# Extracted entries:

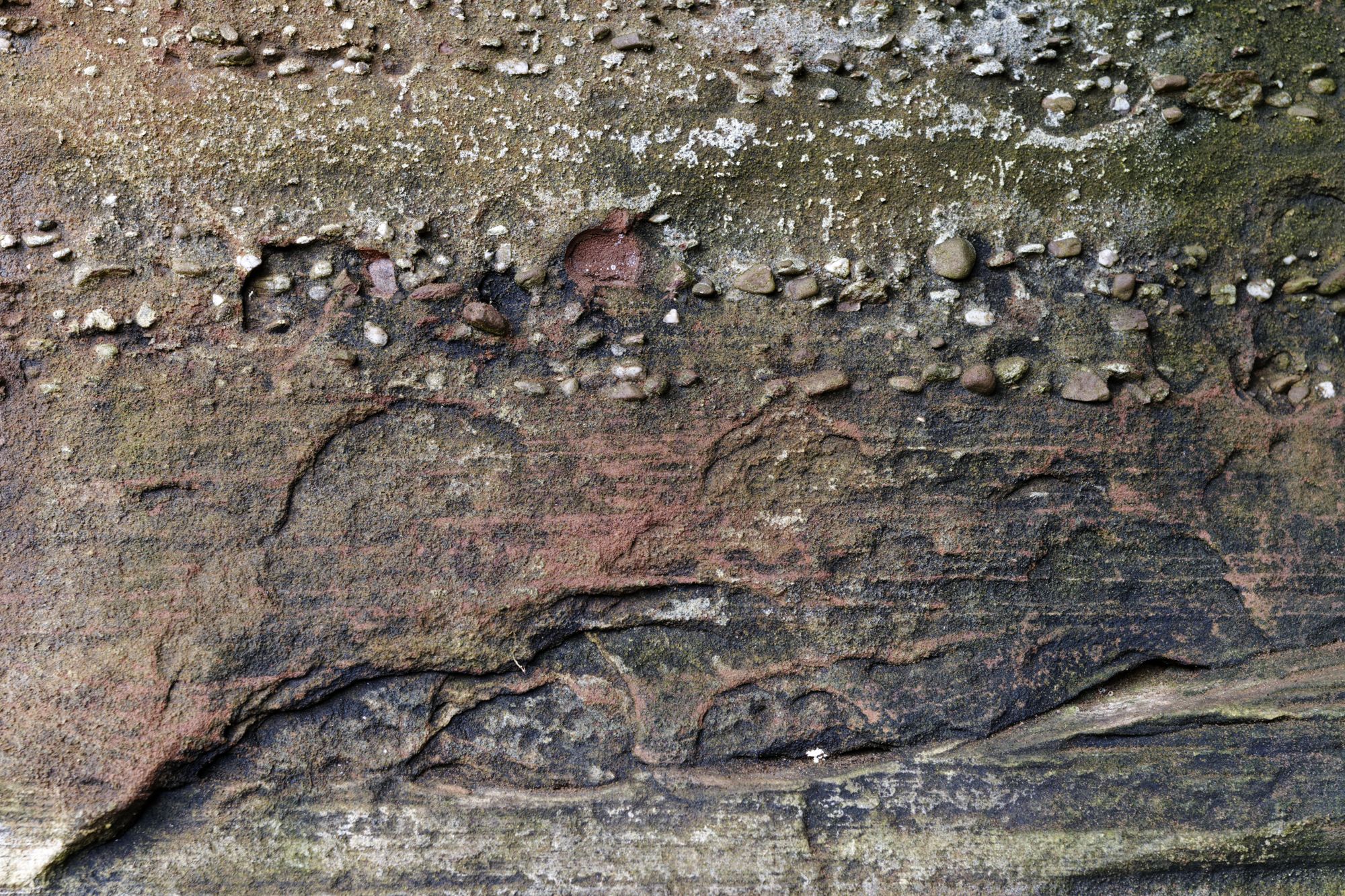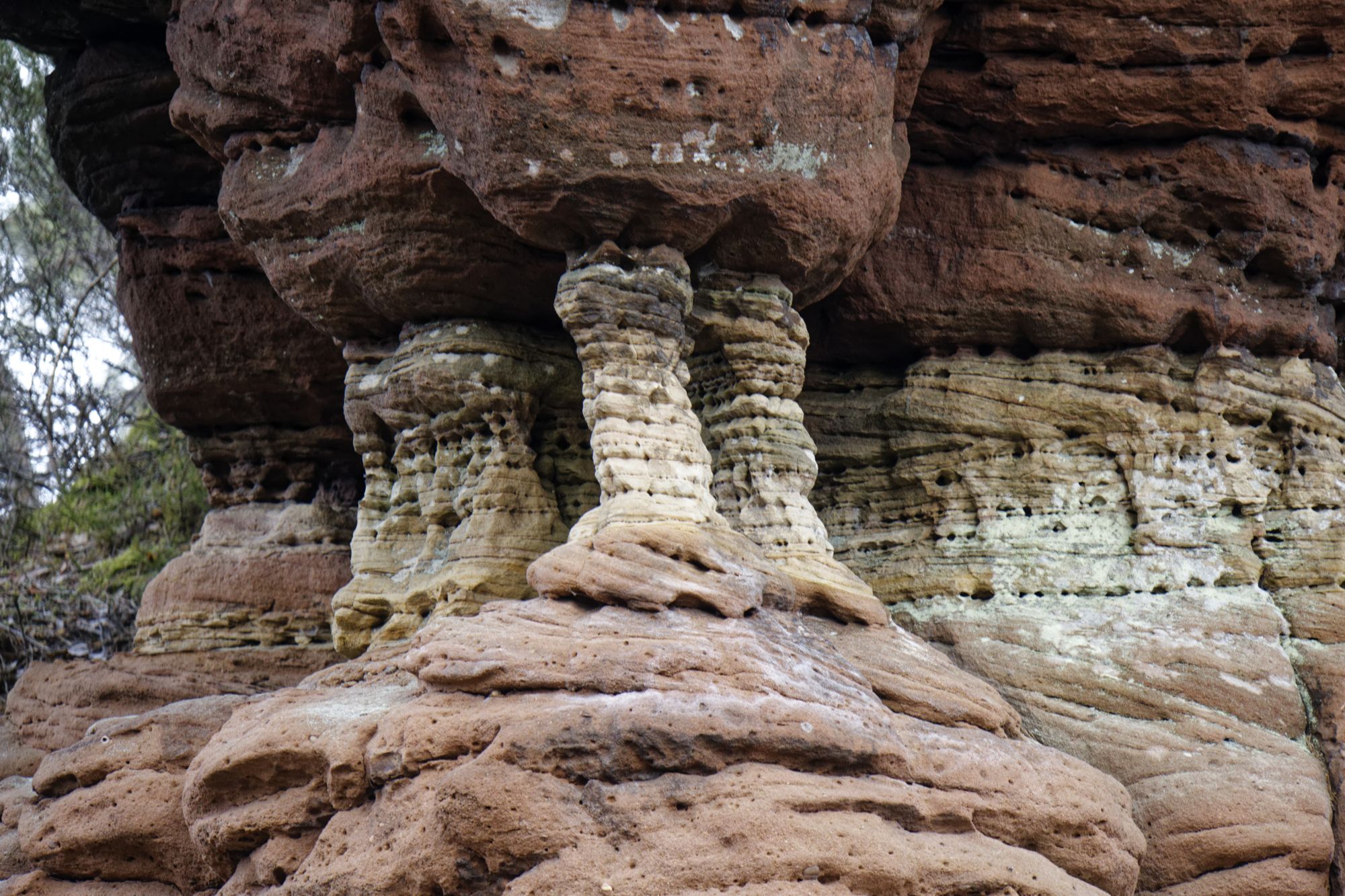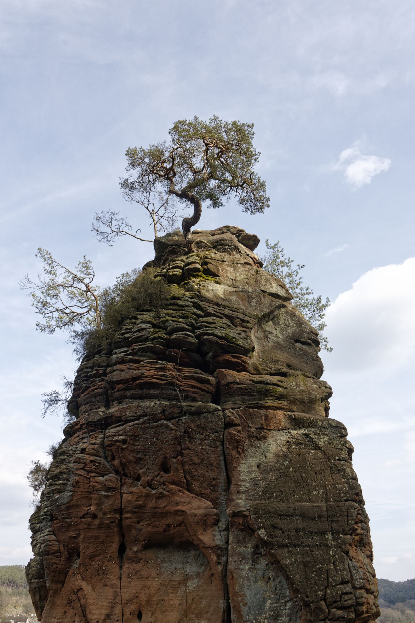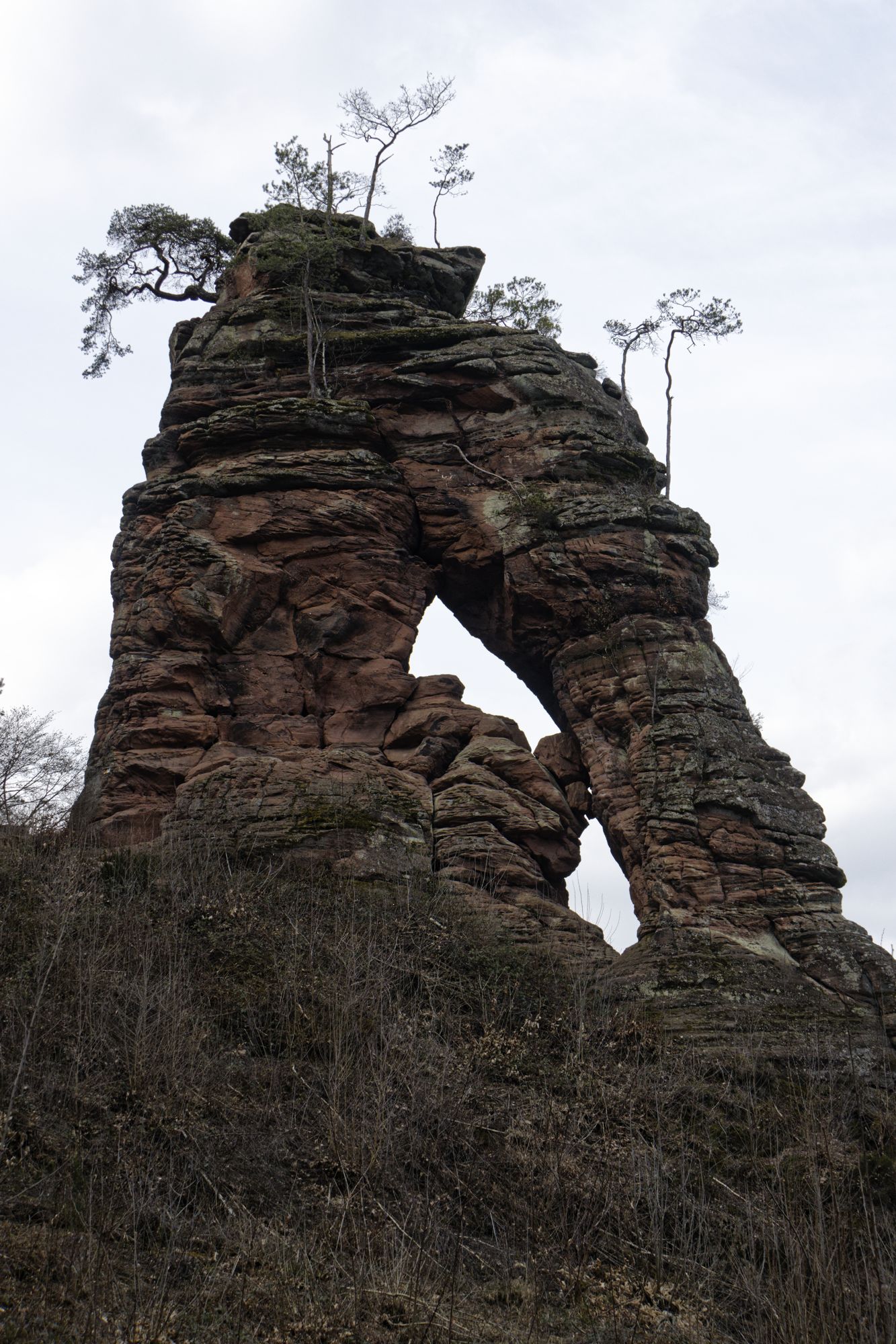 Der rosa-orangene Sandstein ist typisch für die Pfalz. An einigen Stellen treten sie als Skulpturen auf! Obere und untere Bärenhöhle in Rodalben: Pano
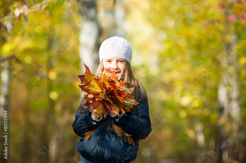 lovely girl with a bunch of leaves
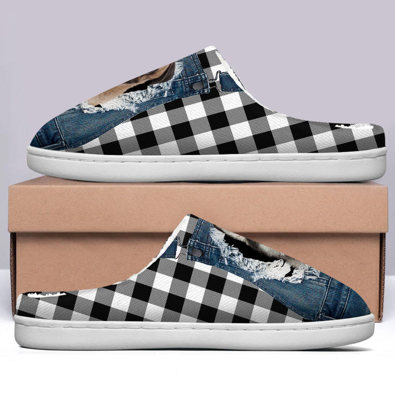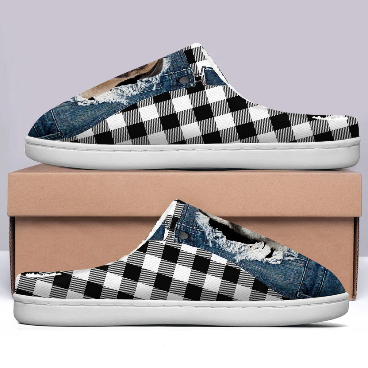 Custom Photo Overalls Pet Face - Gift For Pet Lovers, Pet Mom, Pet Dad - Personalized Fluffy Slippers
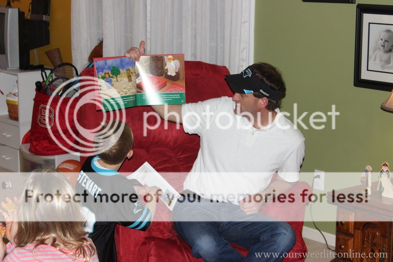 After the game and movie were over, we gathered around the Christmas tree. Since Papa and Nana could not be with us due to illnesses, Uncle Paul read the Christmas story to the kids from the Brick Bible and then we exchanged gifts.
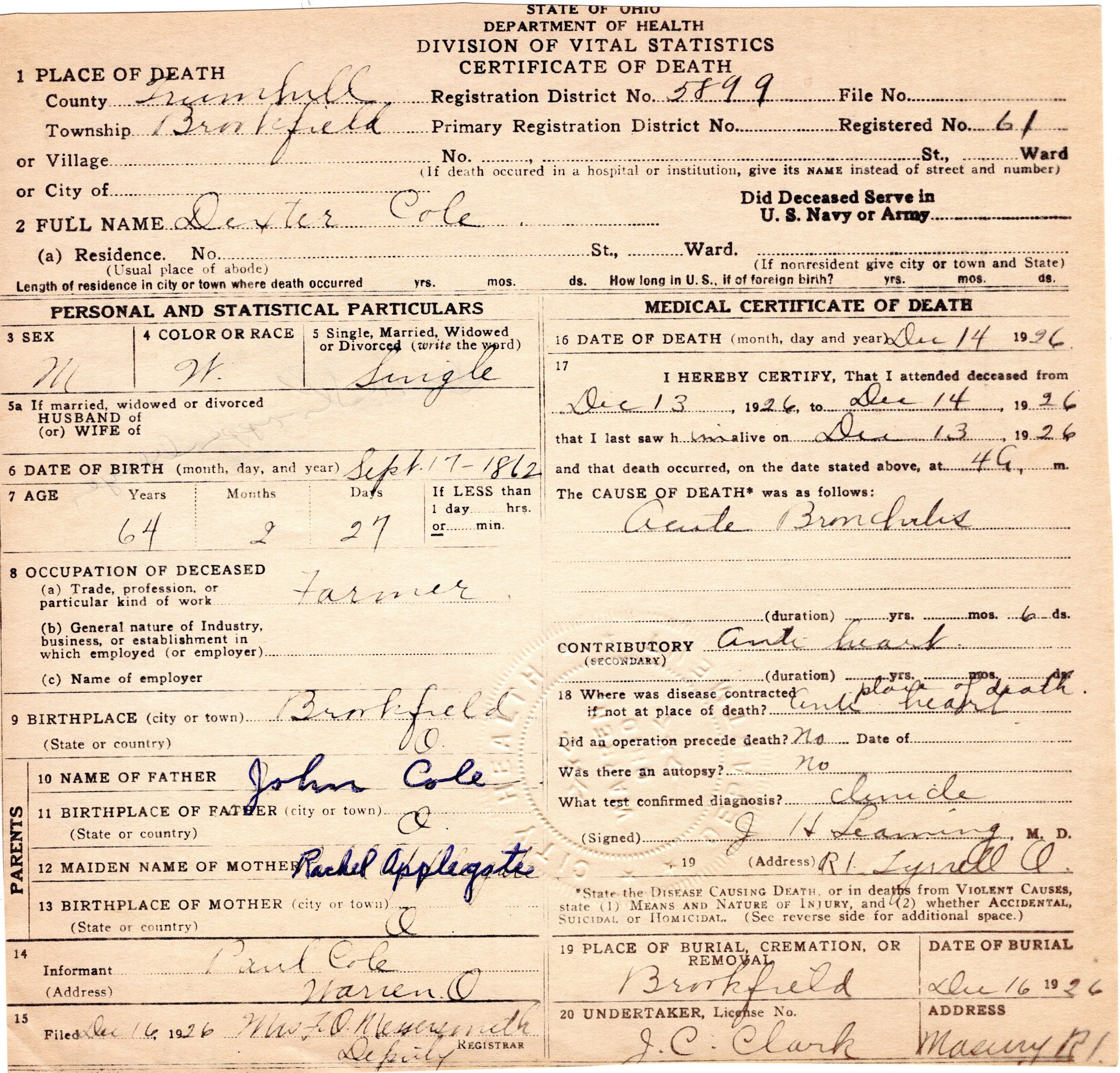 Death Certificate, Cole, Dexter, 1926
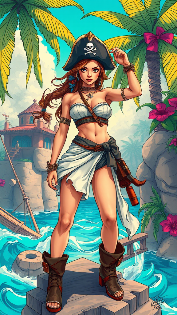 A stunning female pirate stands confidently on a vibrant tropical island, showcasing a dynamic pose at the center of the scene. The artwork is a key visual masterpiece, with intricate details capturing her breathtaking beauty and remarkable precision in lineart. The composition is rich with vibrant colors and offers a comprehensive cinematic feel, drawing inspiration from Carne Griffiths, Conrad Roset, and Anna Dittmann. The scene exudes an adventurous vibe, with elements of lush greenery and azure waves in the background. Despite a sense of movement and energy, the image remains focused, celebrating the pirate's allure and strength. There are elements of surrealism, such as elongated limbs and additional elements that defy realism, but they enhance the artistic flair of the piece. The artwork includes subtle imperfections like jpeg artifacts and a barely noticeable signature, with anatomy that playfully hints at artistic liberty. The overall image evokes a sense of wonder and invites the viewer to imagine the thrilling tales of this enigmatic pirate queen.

# Required action:
A verbatim copy of the entries, without the pictures, is what this task requires.

# Response:
 Der rosa-orangene Sandstein ist typisch für die Pfalz. An einigen Stellen treten sie als Skulpturen auf! Obere und untere Bärenhöhle in Rodalben: Pano
 lovely girl with a bunch of leaves
 Custom Photo Overalls Pet Face - Gift For Pet Lovers, Pet Mom, Pet Dad - Personalized Fluffy Slippers
 After the game and movie were over, we gathered around the Christmas tree. Since Papa and Nana could not be with us due to illnesses, Uncle Paul read the Christmas story to the kids from the Brick Bible and then we exchanged gifts.
 Death Certificate, Cole, Dexter, 1926
 A stunning female pirate stands confidently on a vibrant tropical island, showcasing a dynamic pose at the center of the scene. The artwork is a key visual masterpiece, with intricate details capturing her breathtaking beauty and remarkable precision in lineart. The composition is rich with vibrant colors and offers a comprehensive cinematic feel, drawing inspiration from Carne Griffiths, Conrad Roset, and Anna Dittmann. The scene exudes an adventurous vibe, with elements of lush greenery and azure waves in the background. Despite a sense of movement and energy, the image remains focused, celebrating the pirate's allure and strength. There are elements of surrealism, such as elongated limbs and additional elements that defy realism, but they enhance the artistic flair of the piece. The artwork includes subtle imperfections like jpeg artifacts and a barely noticeable signature, with anatomy that playfully hints at artistic liberty. The overall image evokes a sense of wonder and invites the viewer to imagine the thrilling tales of this enigmatic pirate queen.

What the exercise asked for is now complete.